It is undeniable that the Supreme Court’s role as the Constitution’s sheet anchor has been weakened in recent times. This dilution, at least partly, owes to the court’s inability to devote itself substantially to the determination of important public questions. As Nick Robinson’s studies have demonstrated, the number of cases decided by constitution benches — benches comprising five or more judges — has steadily declined right from the Supreme Court’s inception. Between 1950 and 1954, almost 15 per cent of the total cases decided by the Supreme Court were decisions of constitution benches. By the time the 1970s came around, this figure had dipped below one per cent. Between 2005 and 2009, benches comprising five judges or more decided only a worryingly paltry 0.12 per cent of the court’s total decisions. This has meant that in spite of the specific precepts of Article 145(3) of the Constitution — which mandates that a minimum of five judges sit for the purpose of deciding any case involving a substantial question of constitutional law — division benches of two judges have increasingly decided important disputes requiring a nuanced interpretation of the Constitution.
For example, in December 2013, it was a bench of two judges, in Suresh Kumar Koushal v. Naz Foundation, which reversed the Delhi High Court’s momentous judgment declaring Section 377 of the Indian Penal Code, insofar as it criminalised homosexuality, as unconstitutional. Similarly, when last year in Shreya Singhal v. Union of India the Supreme Court struck down the pernicious Section 66A of the Information Technology Act, in the process paving the way for a refined thinking on the right to free speech, it was once again a bench of two judges that rendered the verdict.

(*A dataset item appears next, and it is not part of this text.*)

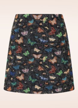 “Printed to play, tailored to slay… this jacquard mini does both.” Dit speelse A-lijn rokje is uitgevoerd in een iets dikkere en stevige jacquard stof (stretcht niet!) voorzien van een vlinder print.    * A-lijn model * Zilverkleurige rits achterzijde * Volledig gevoerd * Valt bij een lengte van 1,70 m boven de knie

What we have, therefore, is a quite unusual scheme of constitutionalism where any given pair of two individuals is vested with the enormous power of ruling conclusively on significant matters of public importance. This phenomenon — still relatively recent — of rulings by two-judge benches in noteworthy cases has coincided with the court’s mounting docket. What’s clearly evident is that this manner of functioning is far from what the Constitution’s framers envisaged of the Supreme Court.